ScriptObject for read and write utf8 with unix LF Tiger compatible

Hello.

I could have done this so much easier with file (Bsd) and Satimage.osax but I guess, (But I’m not sure) that this method will be fastest in the long run, or after the first where the file is converted to UTF-8.
Most of the things here is stolen from this very good thread. -I have plagiated StefanK’s approach for detecting whether a file is UTF-8 encoded or not word for word. Bruce Phillips provided the mktemp incantation, and the rest of the people contributed to the general enlightenment on the subject.

This is thelist reader/writer -preserver, which will swap lists in and out to disk from AS choose list dialogs.
The list maintainer is yet to come, and will be a separated script object, since I will not force everyone to strictly read and write UTF-8.
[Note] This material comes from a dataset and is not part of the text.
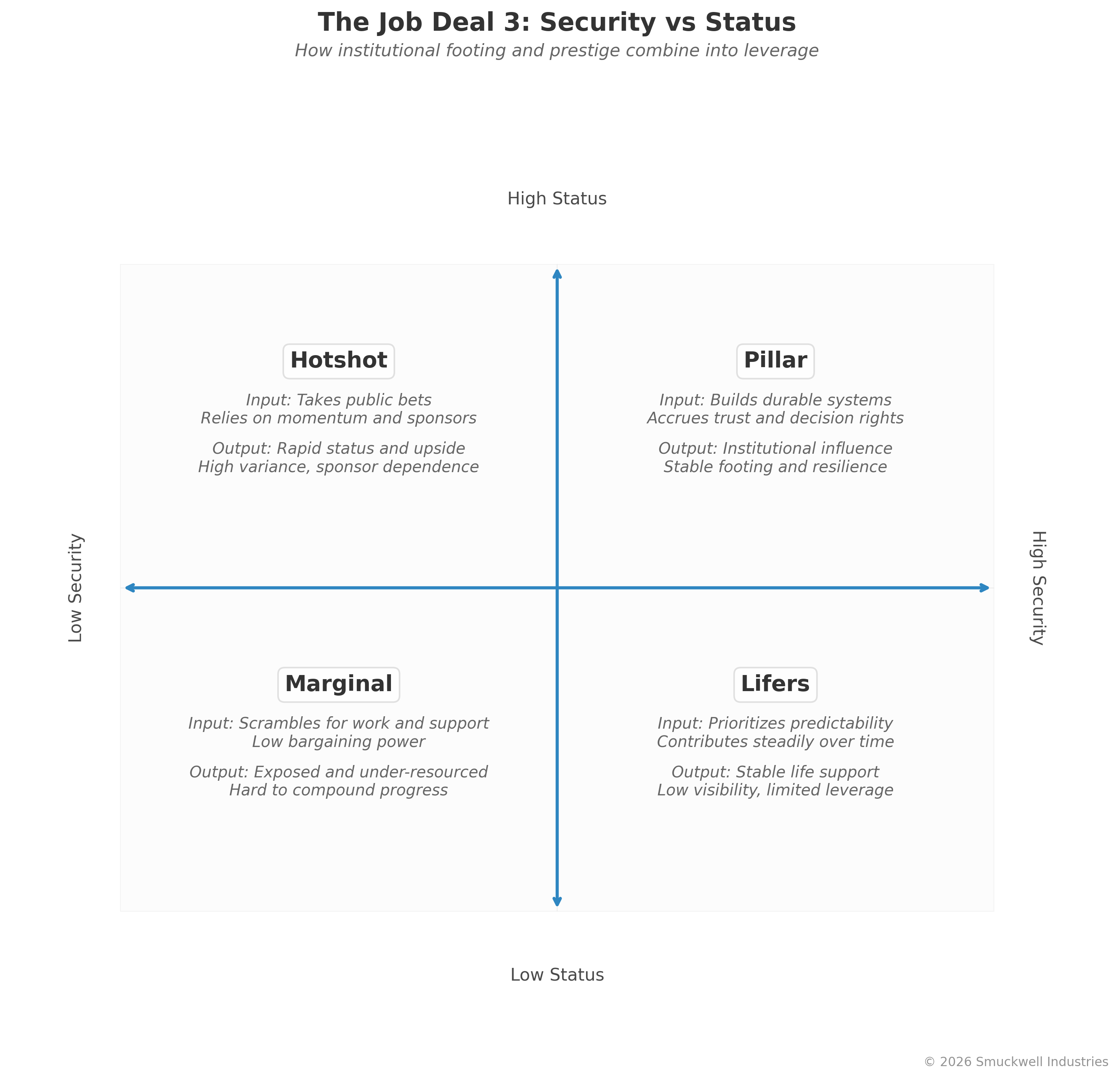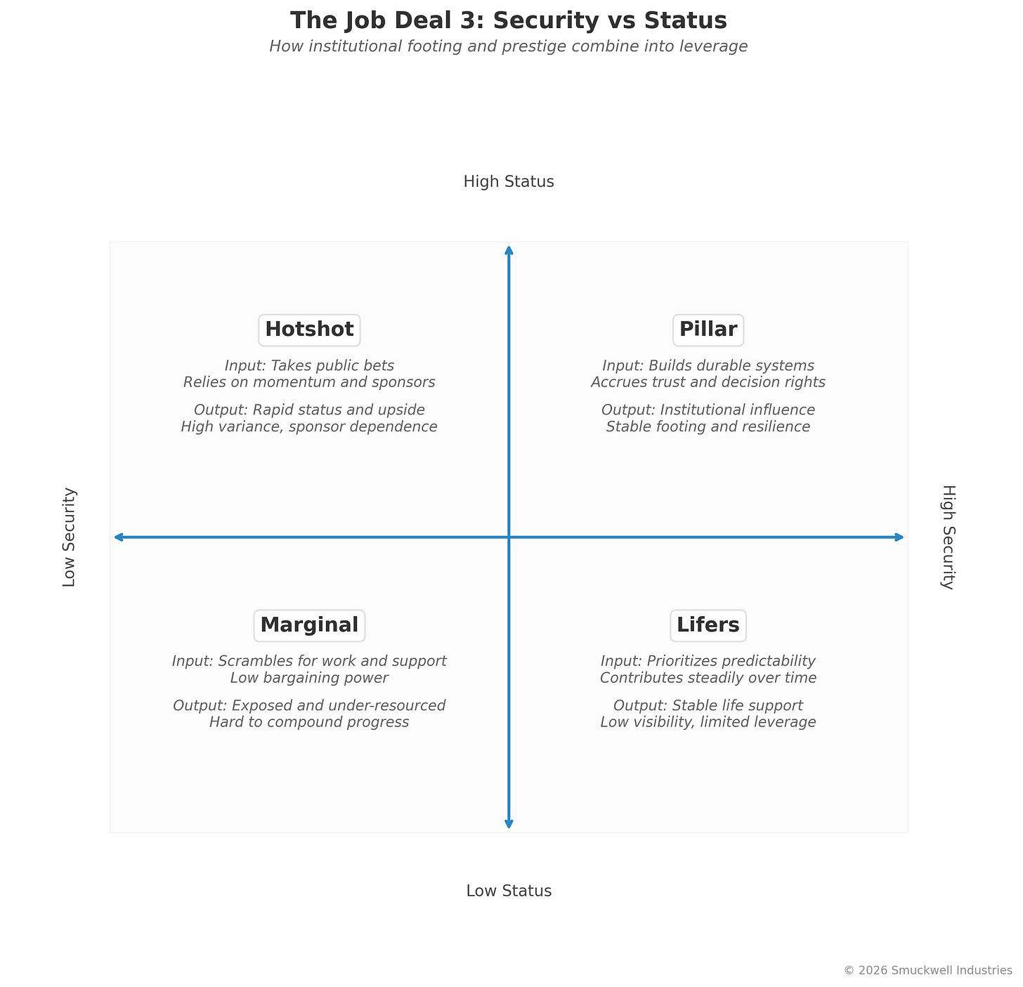 Hotshot (high status, low security): big upside, sponsor dependence, fragile footing.

What is there to say about the read routine apart from that it is big and ugly? It works!
-I chose to convolute a primitive handler, to have it all in one place; -it is of no use for any other purpose what so ever.

Since I added the writeUtf8FromList handler I have changed readUtf8IntoList to take a hfsFullPathNameAsText as the format for the file name parameter.

Regarding error handling:

Since AppleScript stores it’s properties upon return with a value and this handler will work in a context very much dependent of properties, there is no error number −128 or similar in here.

If the script is to save any properties or not, that should be taken care of by return statements from the run handler -implicit or explicit, with or without a value to induce a save of the properties of the script.

So the handlesr returns null upon fatal error and false when there were no success, otherwise it returns a list which can be empty if admitted to be. ( writeUtf8FromList returns either the list or null).

Edit Scratching my head and mourning over the fact that I had to write another handler for Tiger since it really feeds on MacRoman internally, -I got the idea of leveraging a little on Satimage.osax after all.
This saves some extra conversion of a file to MacRoman before reading it into the list, which would be tiresome -and slows thing even more down, the clue is to keep the file as UTF8 for maximum compatibility.

So If you want to use this and runs Tiger then you have to download Satimage.osax in a Smile bundle from This page.
Or if you are never going to use it with Tiger, just rip out the two blocks marked Satimage.osax -you can even strip out the majorNumber parameter with accompanying code. :slight_smile:

I will soon provide some basic localization of the buttons.

Thanks for all help!


script utf8List
	-- The Idea and implementation and any faults is totally mine. © McUsr 2010 and put in the Public Domain.
	-- The usually guarrantees about nothing what so ever applies, use it at your own risk.
	-- Read the documentation.
	-- You are not allowed to post this code elsewhere, but may of course refer to the post at macscripter.net.
	-- macscripter.net/viewtopic.php?id=33529
(*
TERMS OF USE. 
This applies only to posting code, as long as you don't post it, you are welcome to do
whatever you want to do with it without any further permission. 
Except for the following: Selling the code as is, or removing copyright statmentents and the embedded link in the code (without the http:// part) from the code. 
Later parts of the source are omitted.